Вскоре после этого Гогенлоэ ушел в отставку. Между ним и императором не было расхождений по принципиальным вопросам, ибо канцлер во всем послушно исполнял волю императора. Поэтому отставка его носила иной характер, чем отставки Бисмарка и Каприви, возникшие по принципиальным мотивам. Новый канцлер оказался неудобным не потому, что имел самостоятельные взгляды, не сходившиеся со взглядами императора (как это было с его предшественниками), а просто потому, что был уже слишком стар и дряхл для того, чтобы служить исполнителем политики императора, делавшейся все более энергичной и во внутренних, и во внешних вопросах. Он сделал свое дело, сблизив императора с консервативными кругами, от которых правительство отошло при Каприви, и теперь Вильгельм уже более не нуждался в его услугах. Ему нужны были более энергичные и молодые люди, чем дряхлый канцлер, которому было уже более 80 лет. Вслед за Гогенлоэ в отставку ушел и наиболее видный и талантливый представитель его министерства – Микель. Ему было поставлено в вину двойственное поведение во время обсуждения законопроект та о водных путях (канале между Западной и Восточной Германией), который он в угоду аграриям не особенно энергично защищал, и он ушел через полгода вслед за своим принципалом (5 мая 1891 г.).

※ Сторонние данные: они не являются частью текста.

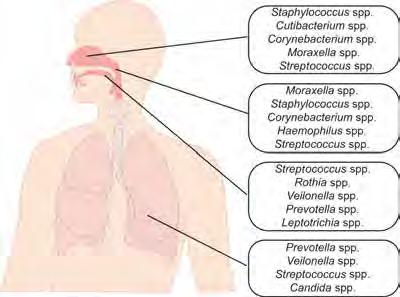 Górny odcinek układu oddechowego również jest bogato zasiedlony przez drobnoustroje. W składzie mikrobioty jamy nosowo-gardłowej znajdują się bakterie występujące na skórze, między innymi gronkowce, bakterie z rodzaju Cutibacterium oraz Corynebacterium
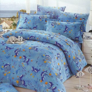 【海豚之戀】臺灣製造5.0呎x6.2呎-孕韟ˉ糷H鋪棉兩用被床包組(藍色)
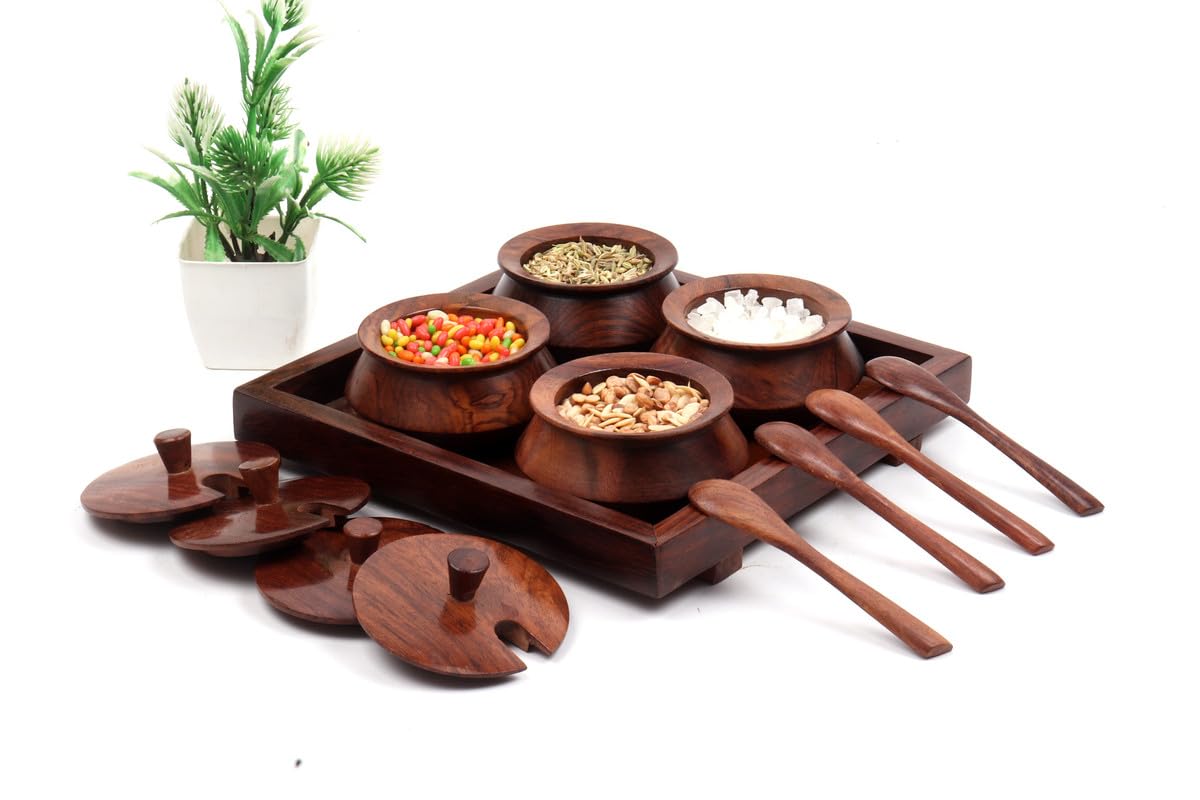 HomeKitchenContainersJars & ContainersWOOD CRAFTS OF RAJASTHAN Premium Wooden Mukhwas Mouth Freshner Handi Jars Set Of 4 with Handcrafted Embellishments - Mukhwas Storage
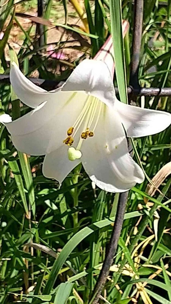 テッポウユリ(鉄砲百合)は、花の裏にスジは有りません。
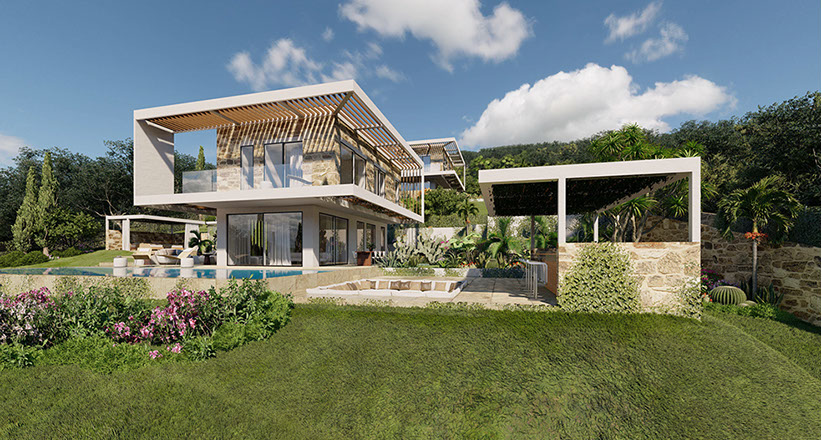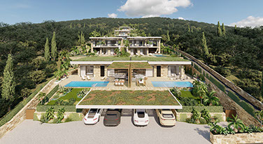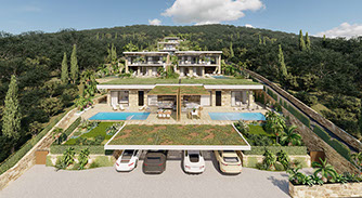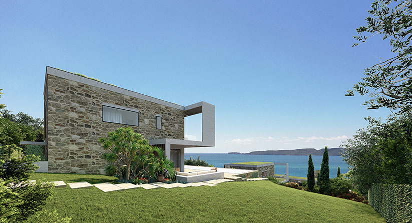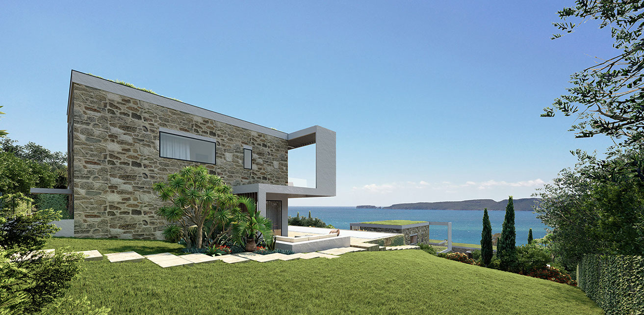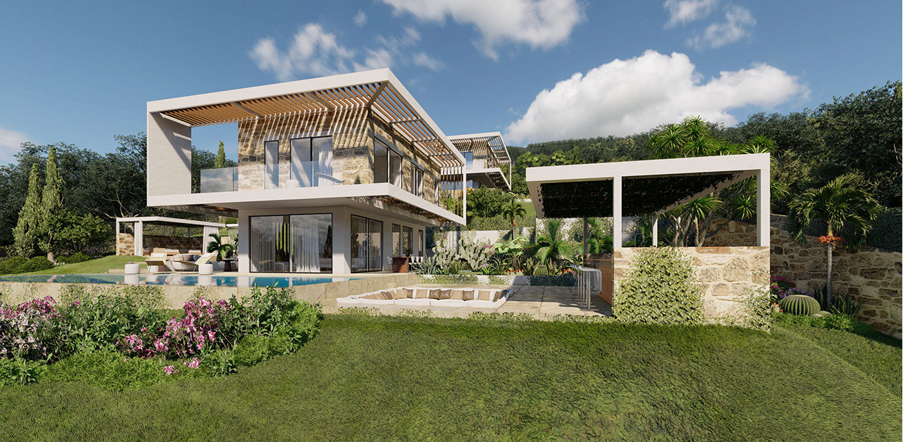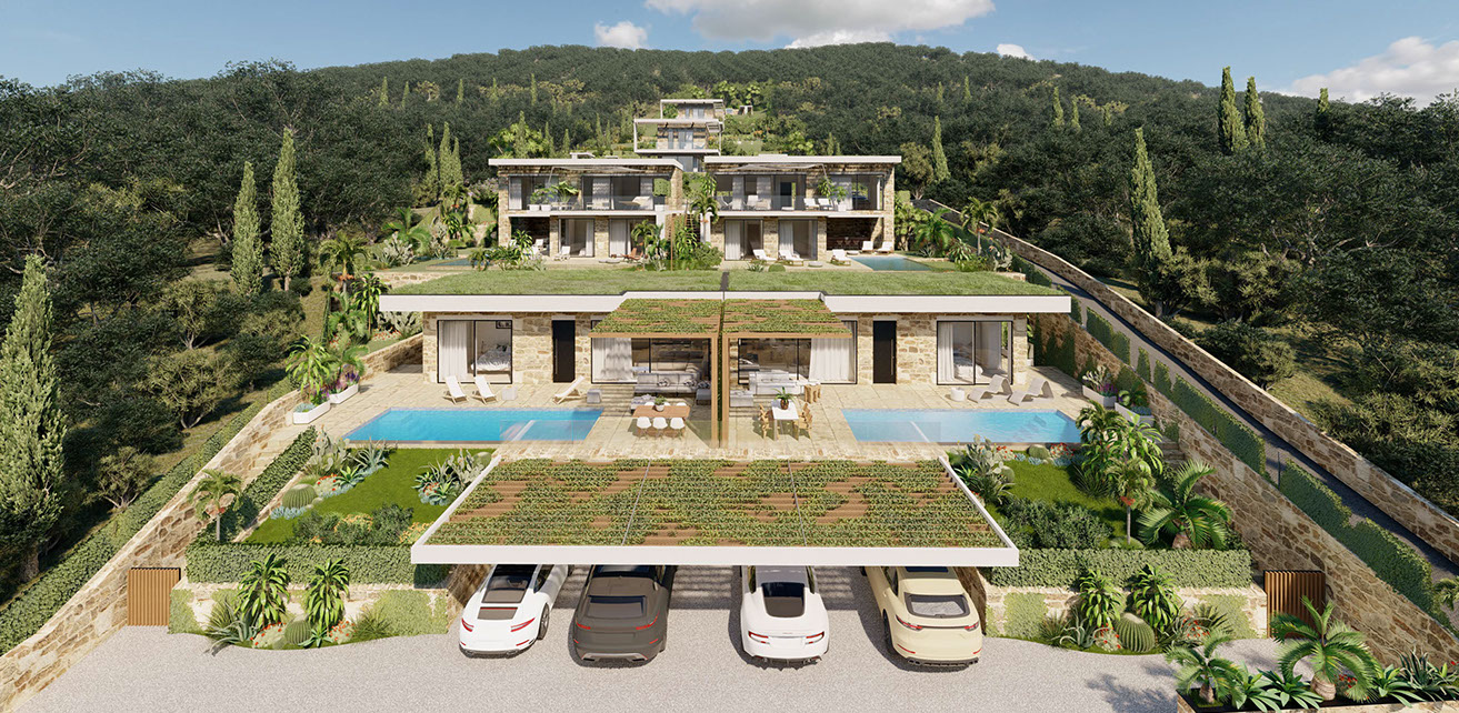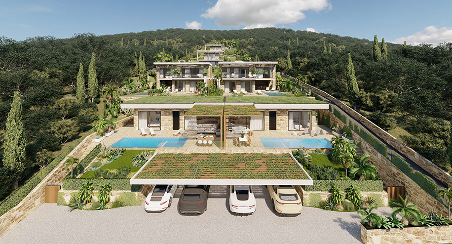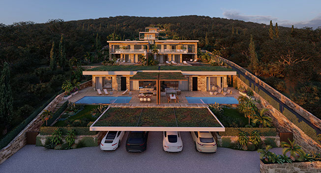 Πωλούνται συνολικά έξι αρχιτεκτονικά σχεδιασμένες βίλες με επιφάνεια κατοικίας 120 - 184m ². Κάθε σπίτι διαθέτ ει υπέροχους εξωτερικούς χώρους (εξωτερική σάουνα με χώρο μασάζ, τζακούζι, υπαίθριο μπαρ, βυθισμένο καθιστικό με τζάκι), συμπεριλαμβανομένης ιδιωτικής πισίνας, θέσεις στάθμευσης και εκπληκτική θέα στον κόλπο.
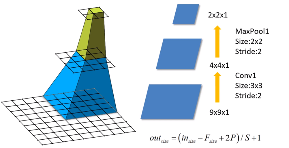 比如在上图中,输出层 layer3 中一个单元对应输入层 layer2 上区域大小为2×2(池化操作),对应输入层 layer1 上大小为5×5。

Преемником Гогенлоэ был назначен 17 октября 1900 г. Бернгард фон Бюлов. По способностям.он стоял гораздо выше Гогенлоэ. Это был человек талантливый, наделенный выдающимся даром слова, «трудоспособный, с яснохолодным взглядом на вещи. На ораторской трибуне он чувствовал себя превосходно, и даже заведомо слабые и плохо укрепленные позиции встречали в нем яркого и остроумного защитника. Но у него не было твердых убеждений, и он стремился постоянно лавировать между партиями, не раздражая ни одной из них и держась, как он любил говорить, «по средней линии». Политическую гибкость, граничащую с беспринципностью, он пытался далее возвести в теорию, и в своей книге о политических и общественных настроениях Германии за последнее десятилетие он доказывал, что «никакое правительство не может долго работать с одним и тем же составом большинства»2828
Б. фон Бюлов. Державная Германия, 1915 г.
[Закрыть]. «Если задать министрам вопрос, – писал он в другом месте, – какую партийную платформу они поддерживают, то большинство из них будет в затруднении, что ответить на подобный вопрос». Однако при всей своей гибкости Бюлов обнаруживал в своей политике вполне определенное стремление к защите аграрных интересов. Он находил, что земледелие было до сих пор пасынком правительства и что если правительство не примет мер к его защите, то «ему угрожает пасть под молотом промышленности и быть раздавленным». Но вместе с тем Бюлов остерегался становиться на точку зрения крайних аграриев вроде графа Капица и поддерживал только умеренные притязания восточно-прусских юнкеров, не слишком противоречащие интересам крупной промышленности. От слишком тесного сближения с аграриями его спасал парламентский такт и гибкость его политической программы. Да и император не допустил бы слишком резкого нарушения интересов промышленности. Для Вильгельма в сущности была одинаково дорога связь как с юнкерами, создававшими удобную почву для применения его патриархально-феодальных идей, так и с королями промышленности, обслуживавшими армию и флот и облегчавшими пути для колониальных захватов. И если он позволял канцлеру несколько перегибать палку германской политики в пользу аграриев, то только потому, что и сам находил нужным, после блестящего расцвета немецкой промышленности, дать некоторые компенсации и землевладельческим кругам, доходы которых в то время далеко не были так велики, как доходы промышленников. Это не значит, однако, что личная самостоятельность четвертого германского канцлера была совершенно ничтожной. Наоборот, Бюлов при всей покладистости своего характера во многих отношениях умел подчинять императора своему влиянию и после Бисмарка был самым самостоятельным из всех германских канцлеров. Режиму личного управления, который практиковал Вильгельм, он, конечно, не мог положить конца, – этого не мог сделать даже и Бисмарк, – но в 1900—1909 гг. на всех мероприятиях германского правительства лежала довольно яркая печать личности Бюлова, и этой печати не могли смыть никакие энергичные выступления императора.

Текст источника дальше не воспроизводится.